◆ **What is required**: Give back every record word for word, keeping the pictures out.

Extracted records
------------------------------------

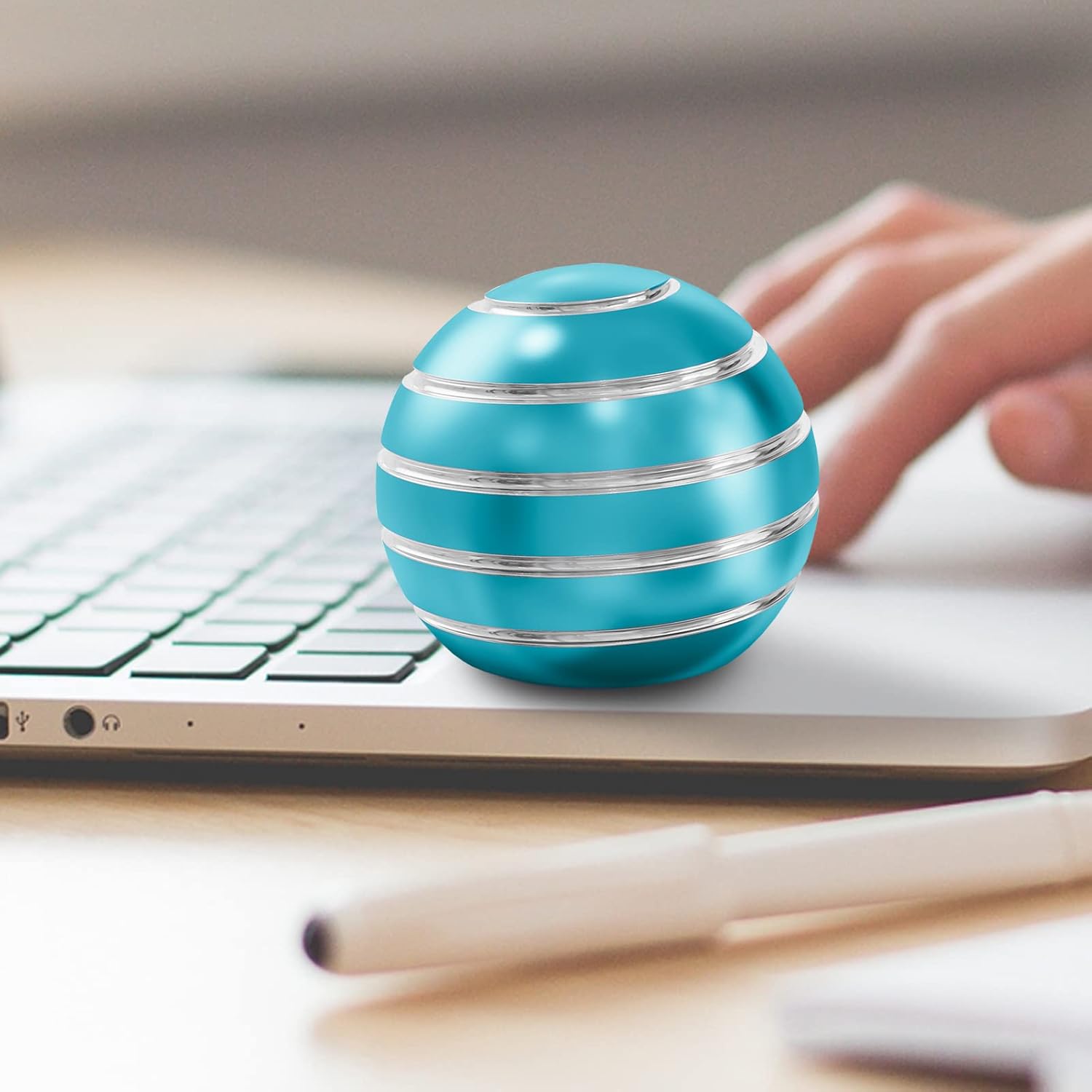 • PACKAGE CONTAINS - 1pc light blue kinetic spinning desk toy, size: 1.77inch/45mm, weight: 3.88oz./110g, spinning time:180-300 seconds
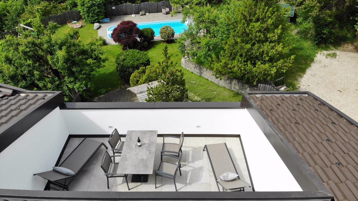 trilo 6 Blauburguder - 65m² - 2x spálňa s manželskou posteľou a vlastným sociálnym zariadením, obývacia izba s kuchynským kútom a rozkladacím gaučom pre 2 osoby, balkón, veľká terasa (20 m²)
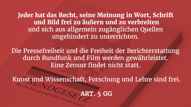 Linksradikale Sozialisten (die mehrfach umbenannte SED, aktueller Name: „Die Linke“, Grüne, SPD und auch Teile von CDU/CSU) greifen die Grund- und Menschenrechte immer wieder an, vor allen Dingen die Redefreiheit. Und das seit vielen, vielen Jahren, da sie nach der ersten Gewalt (Parlamente), der zweiten Gewalt (Regierungen), der dritten Gewalt (Gerichte und Staatsanwaltschaften) und der vierten Gewalt (Massenmedien), nun auch die fünfte Gewalt (das Internet, die freie, nicht gelenkte Kommunikation der Bürger untereinander) unter ihre Kontrolle bringen möchten, insbesondere mit ihrer „Hass und Hetze“-Masche. Hierbei wird mit übelsten Verdrehungen und völlig unsauberen Begrifflichkeiten gearbeitet.
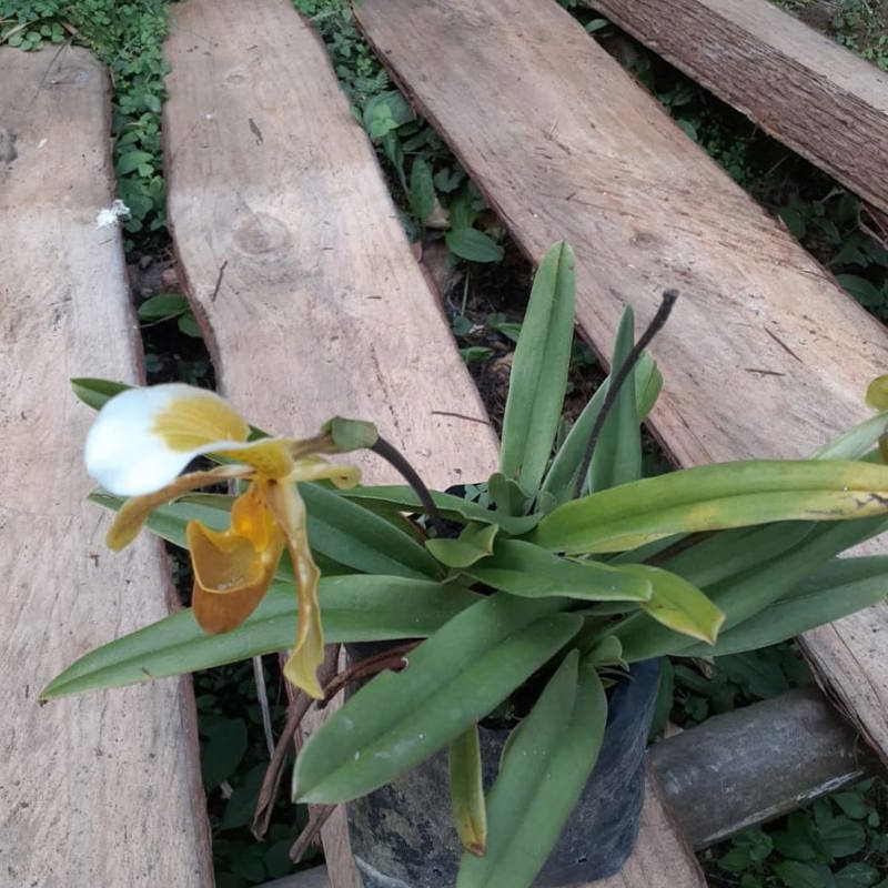 Paphiopedilum Villosum is characterized by its beautiful, soft, hairy petals, which give it a distinct “fuzzy” appearance. This species is relatively easy to grow and produces stunning flowers with a strong, intricate pattern.
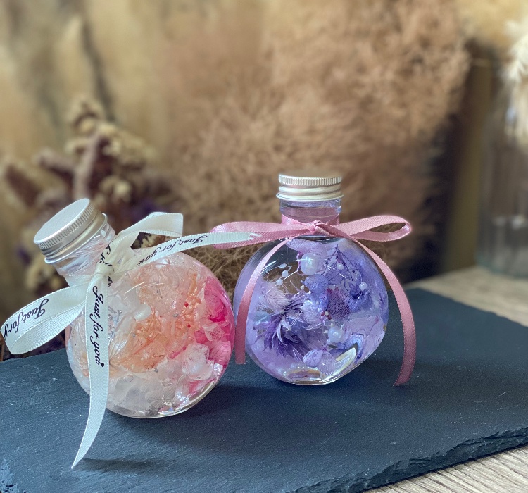 (所要時間約30分~1時間)柑橘のドライフルーツと豊富な花材からお好きなお花を選んで自由に作っていただきます。・ハーバリウム S (50ml) ¥1500・ハーバリウム M(100ml) ¥2500・ハーバリウム L (200ml) ¥3000
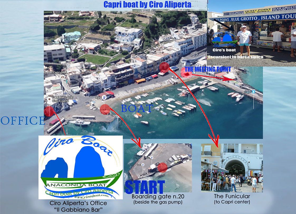 "Classic tour: "Giro dell'isola di Capri durata due ore e 15 minuti". Con la barca tradizionale "gozzo" comoda e sicura. Ciro con la sua simpatia e cortesia vi porterà a scoprire le bellezze di Capri dal mare. Questa escursione non prevede la fermata alla grotta azzurra, ma una sosta per un tuffo nel mare azzurro.Oltre a vedre i faraglioni. Ci vediamo al porto di Capri nei pressi della stazione taxi.Ciro Aliperta vi aspetta nell'edicola dei giornali.

------------------------------------

◆ **Answer section**:
 • PACKAGE CONTAINS - 1pc light blue kinetic spinning desk toy, size: 1.77inch/45mm, weight: 3.88oz./110g, spinning time:180-300 seconds
 trilo 6 Blauburguder - 65m² - 2x spálňa s manželskou posteľou a vlastným sociálnym zariadením, obývacia izba s kuchynským kútom a rozkladacím gaučom pre 2 osoby, balkón, veľká terasa (20 m²)
 Linksradikale Sozialisten (die mehrfach umbenannte SED, aktueller Name: „Die Linke“, Grüne, SPD und auch Teile von CDU/CSU) greifen die Grund- und Menschenrechte immer wieder an, vor allen Dingen die Redefreiheit. Und das seit vielen, vielen Jahren, da sie nach der ersten Gewalt (Parlamente), der zweiten Gewalt (Regierungen), der dritten Gewalt (Gerichte und Staatsanwaltschaften) und der vierten Gewalt (Massenmedien), nun auch die fünfte Gewalt (das Internet, die freie, nicht gelenkte Kommunikation der Bürger untereinander) unter ihre Kontrolle bringen möchten, insbesondere mit ihrer „Hass und Hetze“-Masche. Hierbei wird mit übelsten Verdrehungen und völlig unsauberen Begrifflichkeiten gearbeitet.
 Paphiopedilum Villosum is characterized by its beautiful, soft, hairy petals, which give it a distinct “fuzzy” appearance. This species is relatively easy to grow and produces stunning flowers with a strong, intricate pattern.
 (所要時間約30分~1時間)柑橘のドライフルーツと豊富な花材からお好きなお花を選んで自由に作っていただきます。・ハーバリウム S (50ml) ¥1500・ハーバリウム M(100ml) ¥2500・ハーバリウム L (200ml) ¥3000
 "Classic tour: "Giro dell'isola di Capri durata due ore e 15 minuti". Con la barca tradizionale "gozzo" comoda e sicura. Ciro con la sua simpatia e cortesia vi porterà a scoprire le bellezze di Capri dal mare. Questa escursione non prevede la fermata alla grotta azzurra, ma una sosta per un tuffo nel mare azzurro.Oltre a vedre i faraglioni. Ci vediamo al porto di Capri nei pressi della stazione taxi.Ciro Aliperta vi aspetta nell'edicola dei giornali.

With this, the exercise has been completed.